Their goal was a cure to HIV, and by the mid 1990s St. Paul's was at the forefront of this global campaign. It became the home of the Canadian HIV Trials Network, which gave people living with HIV a central role in the development of trial proposals. It also founded the BC Centre for Excellence in HIV/AIDS, whose director, Dr. Julio Montaner, was one of the team of clinicians who announced the discovery of life-saving HIV antiretroviral therapy at the World AIDS Conference in Vancouver in 1996.

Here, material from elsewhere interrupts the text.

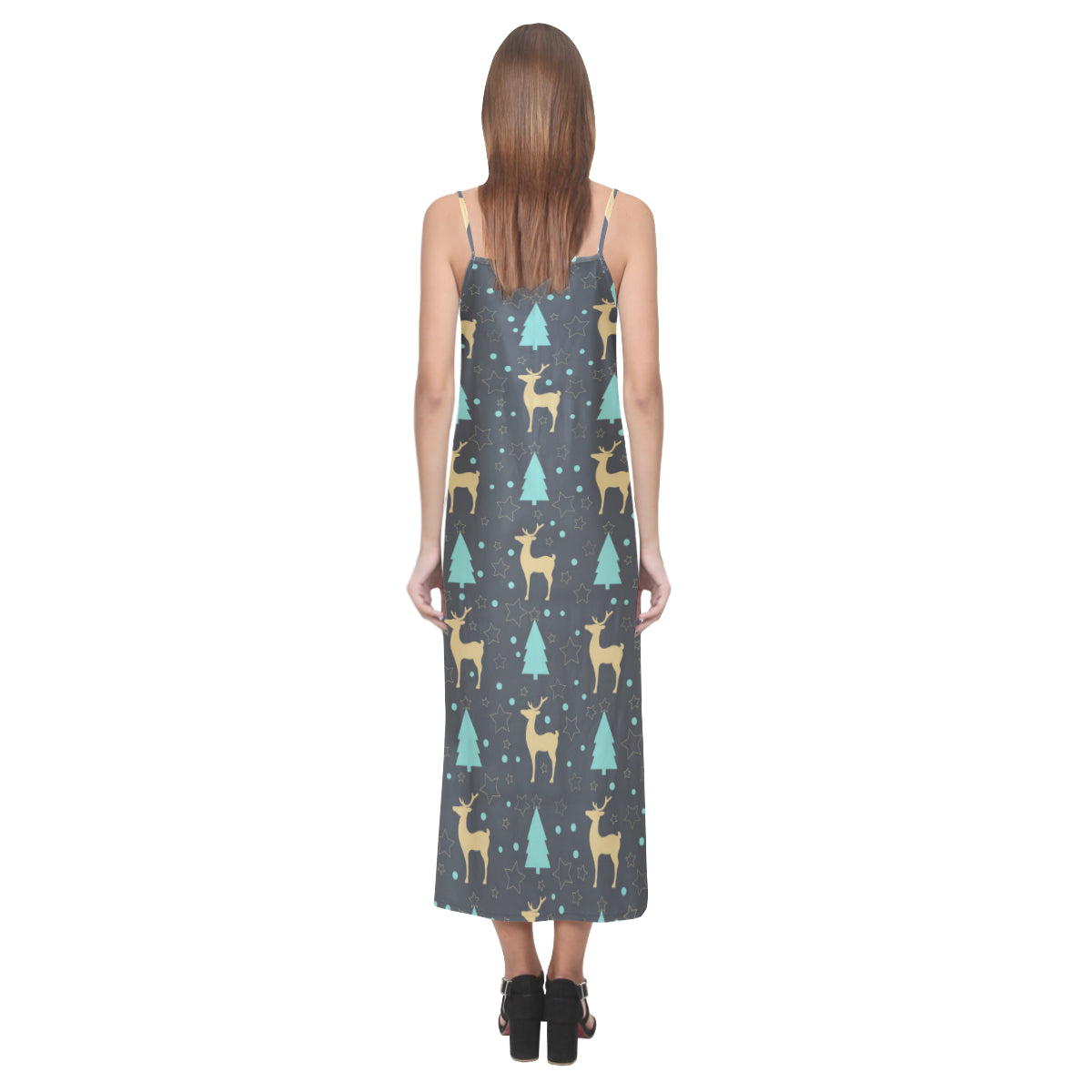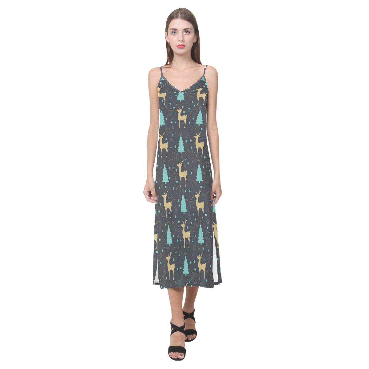 Deers star tree pattern V-Neck Open Fork Long Dress is a uniqued design and limited item. It made to order, hand printed, and sewn with love in our factory.

When an epidemic of HIV broke out among injection drug users in Vancouver later in that decade, aboriginal leaders, drug users, and eventually the mayor teamed up with members of the established HIV coalition and lobbied successfully for harm reduction measures. First came needle exchanges, then two North American firsts: a supervised injection site and the NAOMI clinical trial (North American Opiate Medication Initiative), which demonstrated the value of medically prescribed heroin for drug-dependent individuals, for whom no other treatments were available.
As communications manager at the Canadian HIV Trials Network, I was lucky to be part of this coalition, developing strategy and coordinating the launch of the $8-million NAOMI trial (2005) and, nationally, helping forge and coordinate a coalition to successfully lobby for a doubling of the budget of the Federal AIDS Strategy.
Highlights included briefings with federal ministers of health and hearings -- organized by a Bloc Québécois MP, before two House of Commons Standing Committees, which led to unanimous committee support of our proposal, including that of the Canadian Alliance MPs.
(Aside: By contrast, the Alliance's future leader, MP Stephen Harper, listened in stony silence to our representatives when they visited his Calgary office, then -- when asked to help fight the stigmatization of the disease by having an HIV test, and tell the world -- told them the meeting was over, early.)
Staying the course
From the beginning of our campaign, Paul Martin's Liberal government made favourable noises. His various health ministers, however, skated around the issues. And it wasn't until we had informed him that our supporters would be staging die-ins, blocking major streets at noon in five major cities on the eve of the 2004 federal election, before Minister Pierre Pettigrew stood up in Parliament to announce the requested increase in the AIDS funding, the first in 11 years.
Working together over three years, this national coalition of French and English groups representing people with HIV, aboriginals, researchers, doctors and human rights lawyers was a dump truck of work. Hammering out shared language for ministerial briefings and agreeing on tactics was particularly taxing.
But the bilingual coalition hung together and stayed the course. As a result, it won all kinds of media coverage, and ultimately allowed a loose alliance of very different groups to open the purse strings of a tight-fisted federal government and help Canada do much more in addressing a cruel epidemic, while strengthening the hand of all involved.
For a good primer on coalition-building, check out Joining Forces: A Guide for Forming, Joining and Building Political Coalitions by the National Democratic Institute, a Washington-based non-profit.